To parents, educators, students, and anyone else who understands that figuring out our schooling situation should be paramount right now:

There are many issues associated with the pandemic. My two biggest concerns (besides public health and the economy) have to do with domestic abuse and education, and they kinda go hand in hand. We need kids back in school for a number of reasons. They need the structure. They need to be mentally stimulated and to grow intellectually. They need to learn how to build relationships. They also need a place to escape violence if there is abuse at home, and a way to signal for help. Finally, we need kids in school so that parents can get to work.

However, students also need to be kept safe from contracting COVID-19 or transmitting it on to their community. The ideal scenario, therefore, is that kids stay home as long as they receive some type of distanced education that will equip them for the next step in life. If a student has access to a computer and an Internet connection, we need a standardized digital curriculum for every grade level set in place by experts and educators at the national, state, and local level. Their teachers can reinforce this framework through bite-sized Zoom sessions and add supplementary teachings that jibe with their personal approach. Parents or guardians should be expected to contribute 30 min – 1 hour a day to assist their child through the lessons, acting as a pro tempore teacher’s aide.

Some form of this already exists with home schooling, but most parents and students know how boring online-learning can get and how quickly Zoom Gloom can set in. We’ve stripped all the fun parts of school attendance (the incentives have always been recess, lunchtime, and hanging out with friends). Therefore, we need Hollywood studio-level programming interwoven in the school curriculum to keep young people socialized, entertained and engaged. If my children are eager to communicate with their friends over Fortnite, veg out on YouTube, and marvel at TikTok personalities all day long, they should theoretically be willing to sit in a digital classroom that follows the same playbook. I’m thinking Bill Nye meets School House Rock for 2020, but re-imagined as fun courses led by The Rock, Yara Shahidi, Addison Rae, or Naomi Osaka. Learning can be gamified, paired with popular music, and hosted intermittently by recognizable personalities, especially those who can teach a skillset (think MasterClass for the kids – How do Draw by Takashi Murakami.

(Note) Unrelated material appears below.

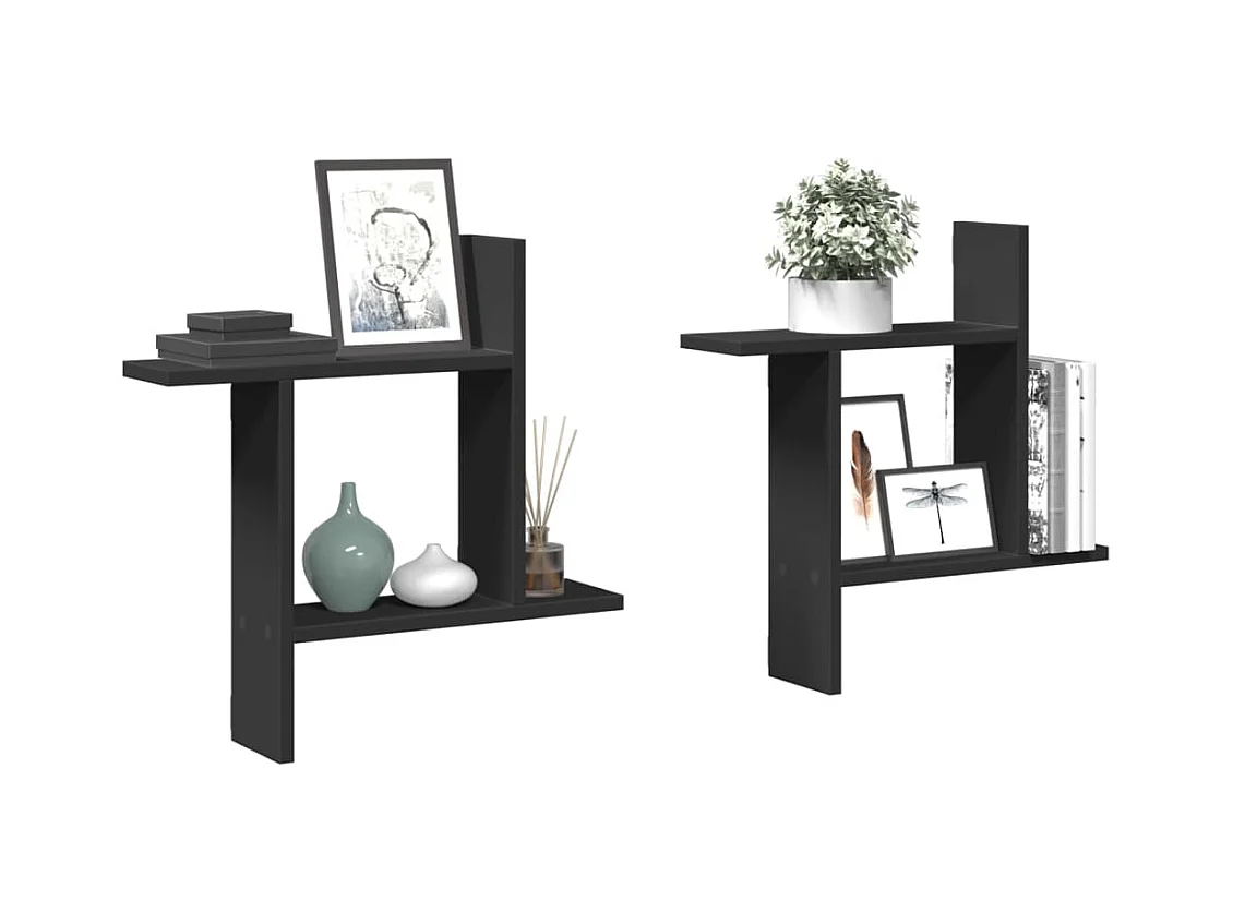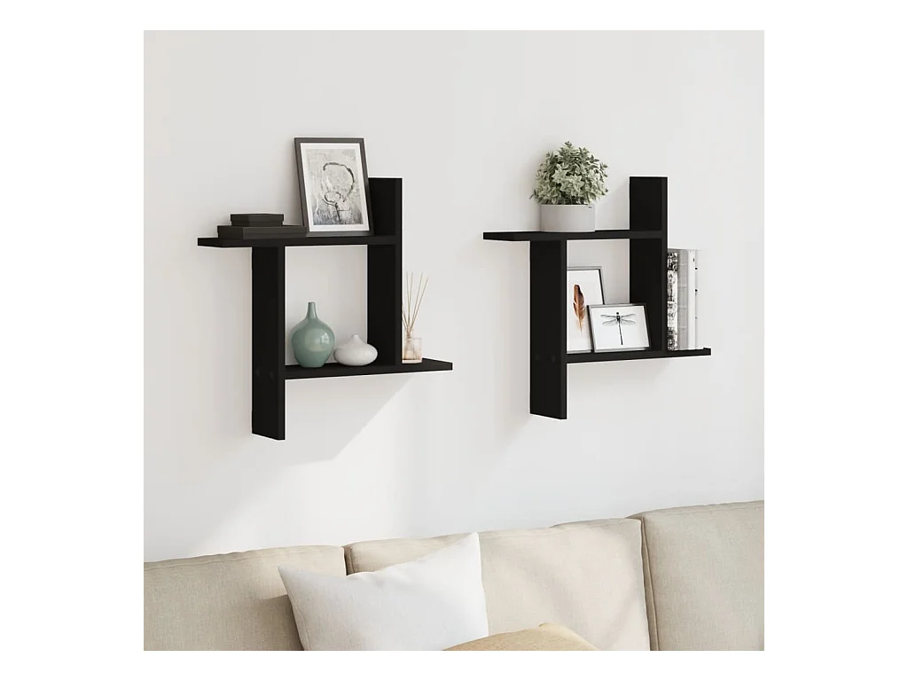Mensole da Parete 2pz Nere 38x12x38 cm in Truciolato

Coding with the FaZe Clan). When I was growing up, we had educational shows like Channel One and Sesame Street. In the age of streaming and content creation, we should be supporting and funding more “TV” like this for the next generation, especially in an isolated year. And – along with the oversight of education departments and teachers, this should be a united effort across studios and networks, game companies, the music industry, social media platforms, and sports leagues.

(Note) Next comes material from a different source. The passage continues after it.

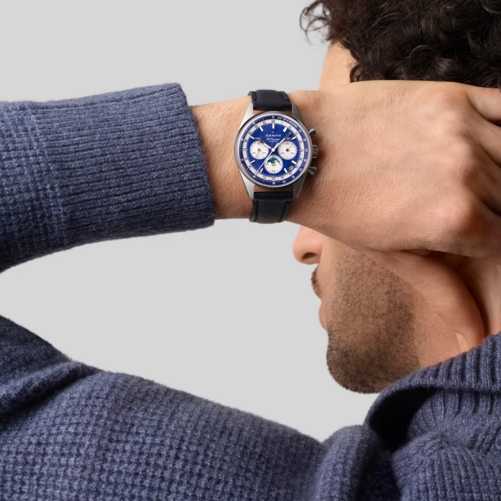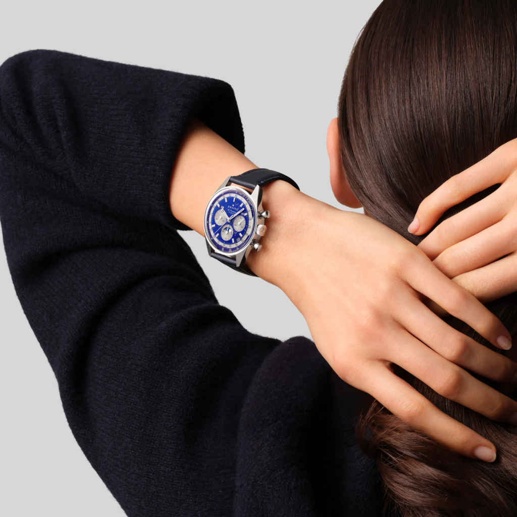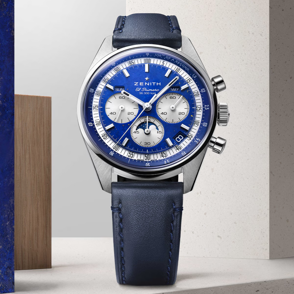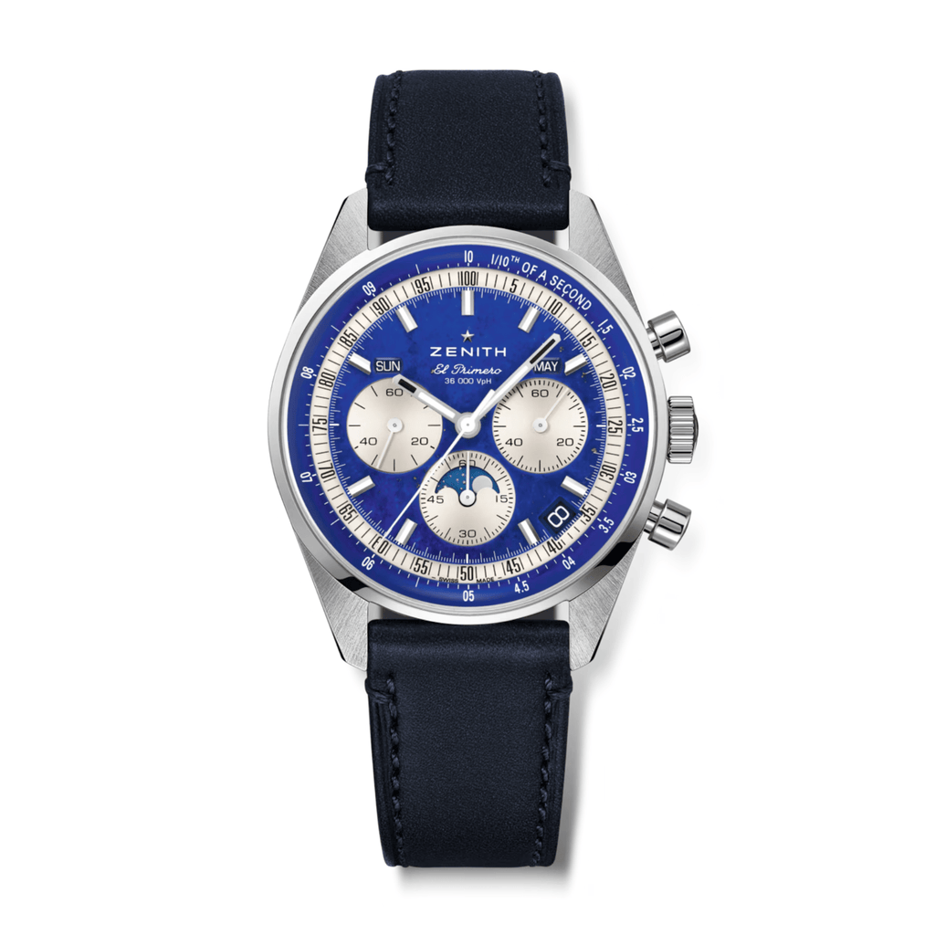 The CHRONOMASTER Original Triple Calendar is crafted in a 38mm steel case and comes with both a blue calfskin strap and a steel bracelet. The elegant lapis Lazuli dial has silver-colored counters. Powered by the El Primero 3610 automatic high-frequency movement with 1/10th of a second chronograph function combined with day, date, month and moonphase indications.

This begs the question of how to accommodate families who don’t have access to computers or the Internet. Since there are less students in physical schools, we can take advantage of wide open playgrounds and parking lots to set up tents and have students gather outside in properly spaced seating arrangements. This would be especially effective now while it’s still warm during the summer. They can view and learn from the same material that’s broadcasted online for the rest of the students.

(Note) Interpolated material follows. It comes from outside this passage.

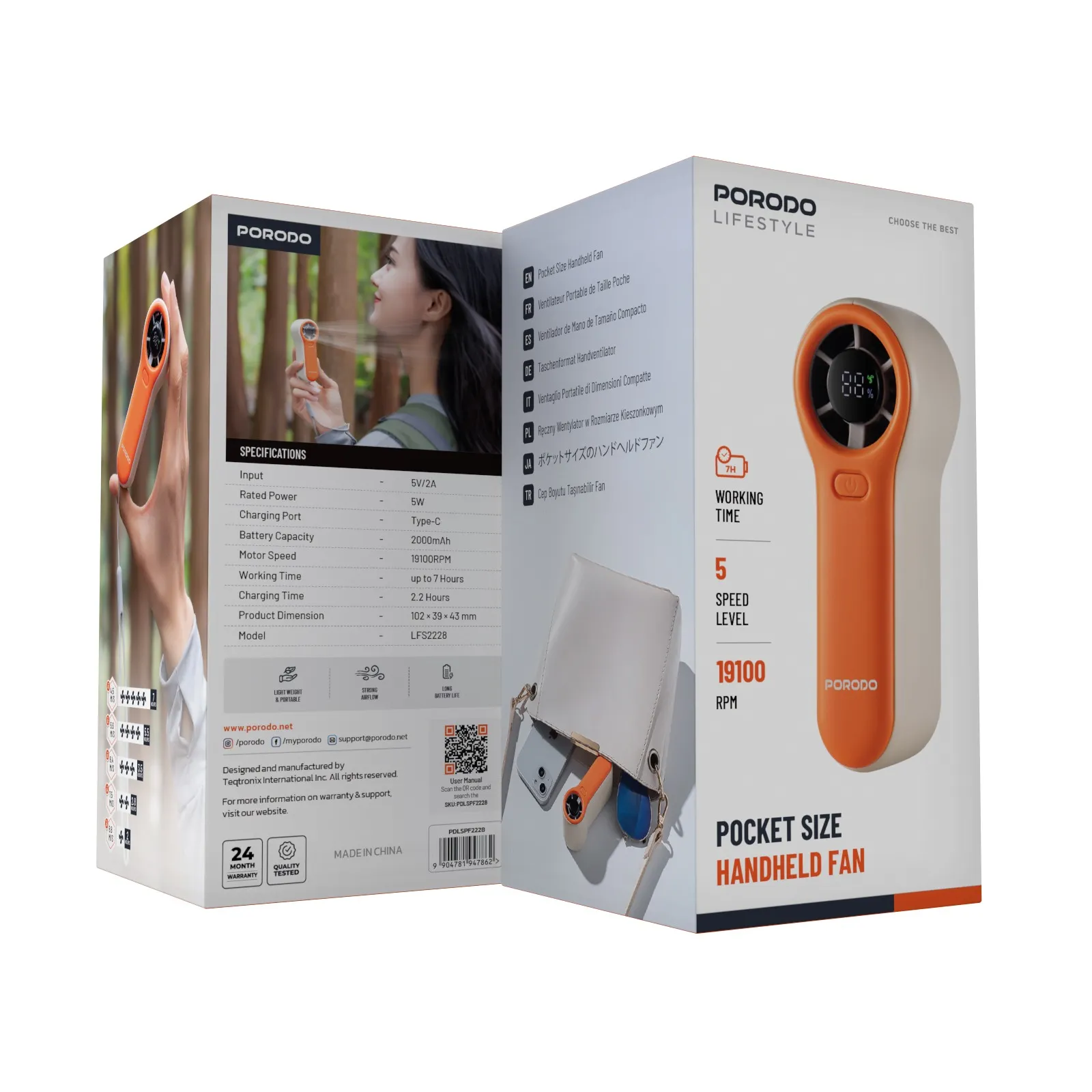 در ابتدای متن، مینی پنکه دستی باد سرد پرودو مدل Pocket Size Handheld Fan (PDLSPF2228) بهعنوان راهحلی سبک، جمعوجور و قدرتمند در گرمای روزمره یا سفر معرفی میشود. این پنکه با باتری ۲۰۰۰ mAh قابلیت کار تا ۷ ساعت را در سرعت پایین دارد. موتور پرسرعت با ۱۹۱۰۰RPM در کنار ۵ سطح سرعت قابل تنظیم، باد سرد و دلپذیری ایجاد میکند. طراحی شارژ از طریق درگاه USB-C با زمان شارژ نزدیک به ۲.۲ ساعت و توان مصرفی ۵ وات، استفاده آسان و مؤثری را تضمین میکند.

I’m sure I’m missing a lot of important things here. I admit, I know nothing about schools, I am not an educator, I design clothing and write for a living – I am entirely naïve and think this is a simpler fix than it is. So, I will apologize for any ignorance. At the very least, I think we need to pump more money into education than ever. Many of our societal ills can be attributed to the poor education in this country, especially for underprivileged and marginalized youth. Also, in addressing the coronavirus’ strain on our economy, most parents can’t focus on their jobs until they trust someone to focus on their children. So, what will keep the children focused? And how do we prepare them for success?